• Exercise description: Beginning with the line of the entries below that holds "The perfect layering" and ending with the line that holds "目前,欧盟太阳能产品进口高度", transcribe each line exactly as written. Pictures stay out.

• Records shown:
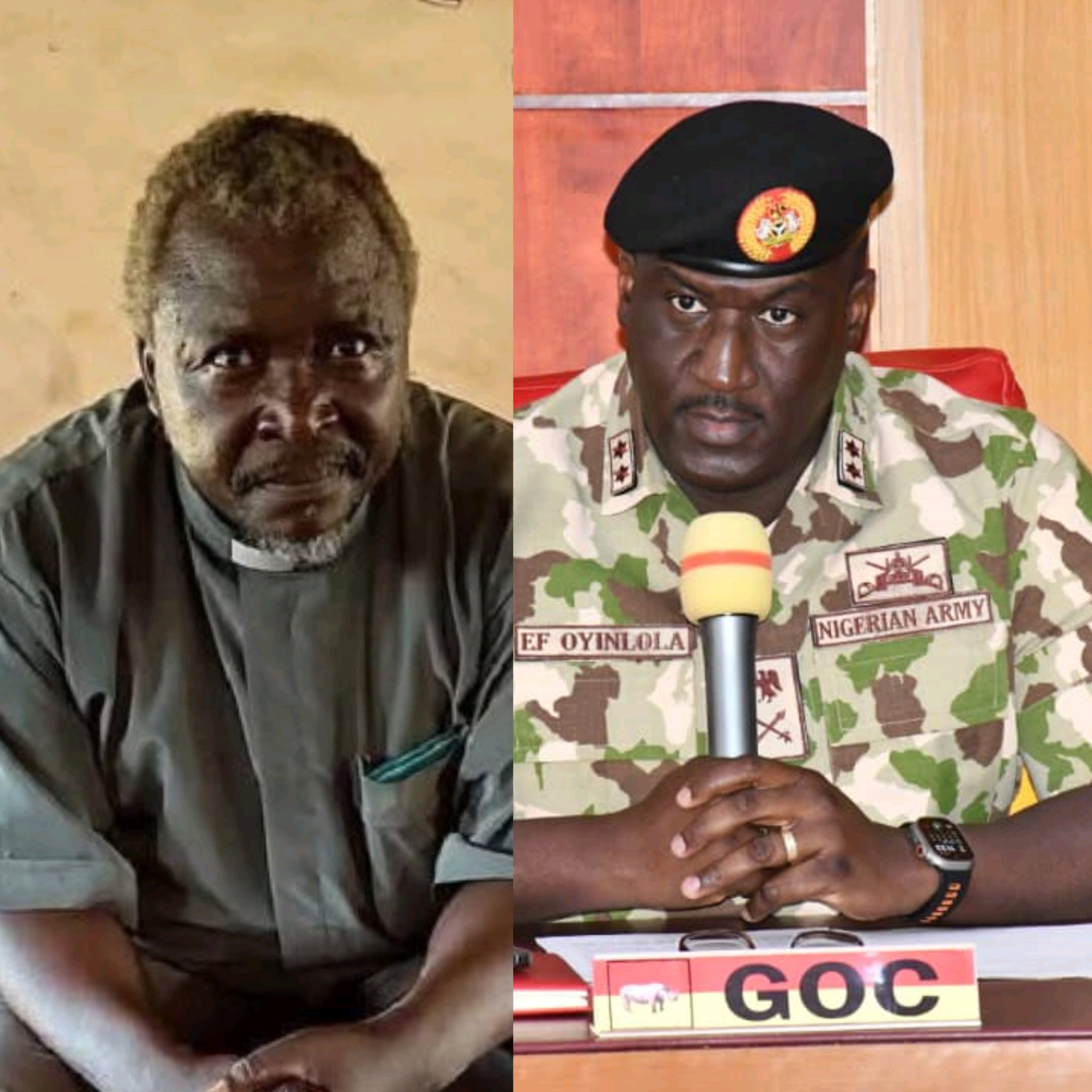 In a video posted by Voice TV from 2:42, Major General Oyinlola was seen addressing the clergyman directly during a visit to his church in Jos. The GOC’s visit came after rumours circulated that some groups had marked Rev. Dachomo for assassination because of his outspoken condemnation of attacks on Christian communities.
==
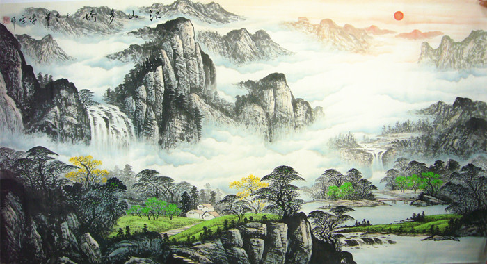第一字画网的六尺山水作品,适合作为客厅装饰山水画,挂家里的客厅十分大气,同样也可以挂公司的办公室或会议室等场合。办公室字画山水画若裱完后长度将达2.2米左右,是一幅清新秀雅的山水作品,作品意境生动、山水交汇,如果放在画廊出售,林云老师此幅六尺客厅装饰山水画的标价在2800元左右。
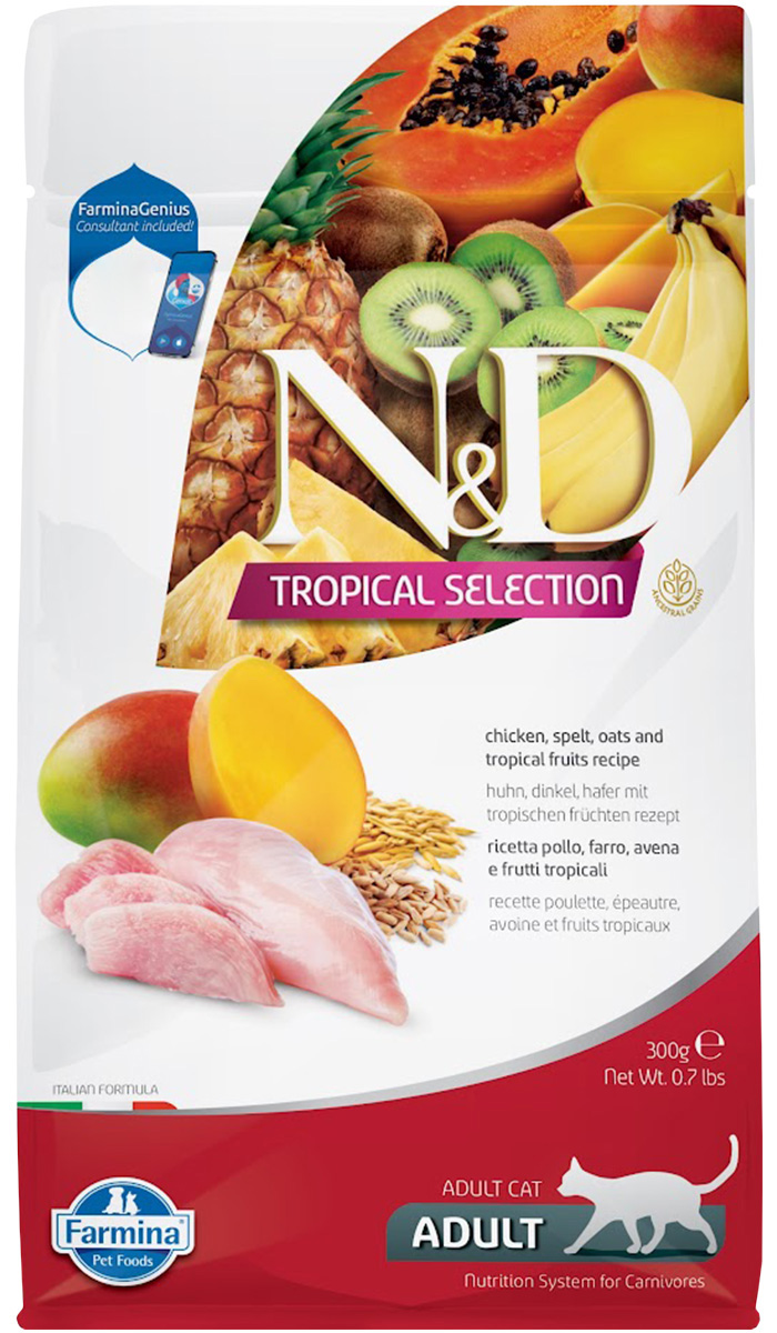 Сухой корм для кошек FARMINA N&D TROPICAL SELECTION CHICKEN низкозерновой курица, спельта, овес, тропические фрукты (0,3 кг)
...
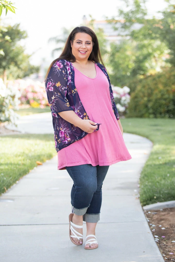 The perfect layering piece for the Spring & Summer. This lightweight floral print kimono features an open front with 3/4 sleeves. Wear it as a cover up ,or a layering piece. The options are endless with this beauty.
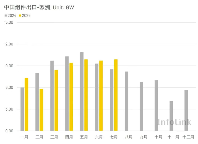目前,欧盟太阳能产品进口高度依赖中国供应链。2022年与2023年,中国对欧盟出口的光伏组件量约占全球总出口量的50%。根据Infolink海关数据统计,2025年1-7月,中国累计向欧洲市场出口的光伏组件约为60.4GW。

• Answer section:
 The perfect layering piece for the Spring & Summer. This lightweight floral print kimono features an open front with 3/4 sleeves. Wear it as a cover up ,or a layering piece. The options are endless with this beauty.
目前,欧盟太阳能产品进口高度依赖中国供应链。2022年与2023年,中国对欧盟出口的光伏组件量约占全球总出口量的50%。根据Infolink海关数据统计,2025年1-7月,中国累计向欧洲市场出口的光伏组件约为60.4GW。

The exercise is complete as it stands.